Comparison of Hot Corrosion Behavior of Ni36Fe34Al17Cr10Mo1Ti2 and Ni34Co25Fe12Al15Cr12W2 Alloys in NaCl-KCl-Na2SO4 Salt

Hot corrosion in molten salt is a complex process, involving both chemical corrosion and electrochemical corrosion. Interfacial reactions and oxide dissolution can also impact the corrosion results. Compared with single component/type salt, multi-component/type hot corrosion leads to more severe degradation, while the multi-component alloys offer potential chances for developing anti-corrosion metallic materials.

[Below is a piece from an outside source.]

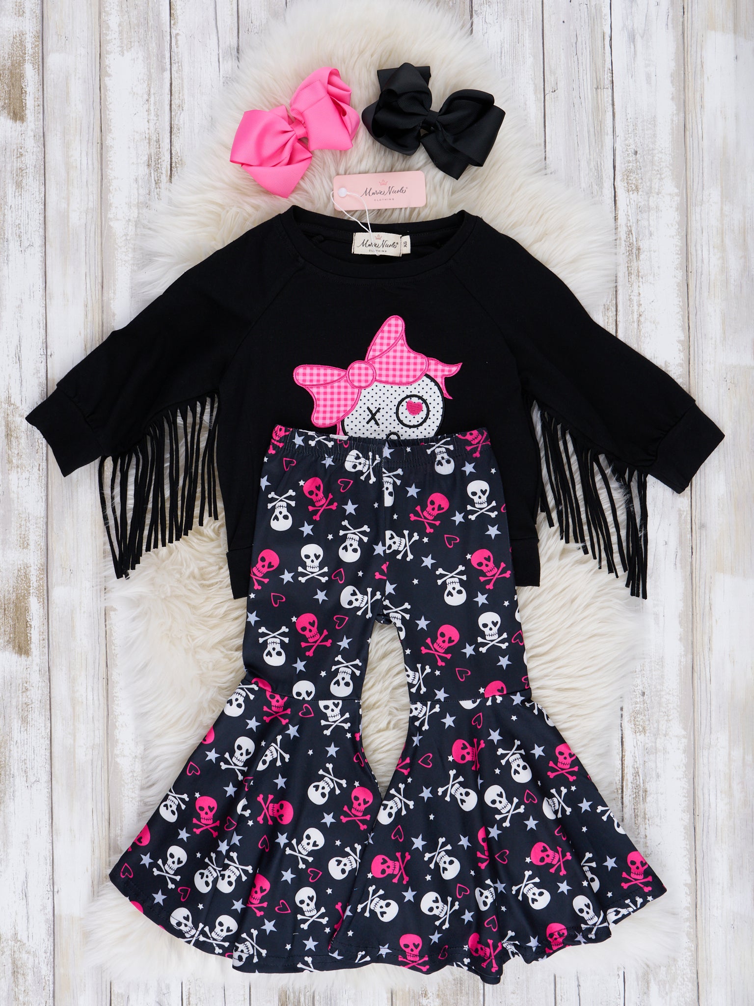 Pink & Black Fringe Skull Bell Bottom Outfit

In this study, we aim to elucidate the hot corrosion behavior and gain a better understanding of the corrosion mechanism of the multi-component alloys under multi-component/type NaCl-KCl-Na2SO4 salt. The corrosion behavior of dual-phase Ni36Fe34Al17Cr10Mo1Ti2 (HEA-1) and Ni34Co25Fe12Al15Cr12W2 (HEA-2) alloys was studied within NaCl-KCl-Na2SO4 molten salt with mass ratios of 5:5:1 and 5:5:2. After exposure to the salt at 650 degrees C for 168 h, it was found that the Ni34Co25Fe12Al15Cr12W2 exhibited better corrosion resistance than Ni36Fe34Al17Cr10Mo1Ti2. The improved performance of Ni30Co25Fe12Al15Cr12W2 alloy was attributed to the Co element, which facilitated the formation of dense oxides scale and enhanced scale adhesion. Alkali chlorides with stronger penetration ability dominated the corrosion process and alkali sulfate further aggravated the corrosion. The primary corrosion mechanisms involved in this process were identified as "electrochemical mechanism" attacking the body-centered cubic structure in the alloys and "active oxidation" causing dissolution of the alloy elements.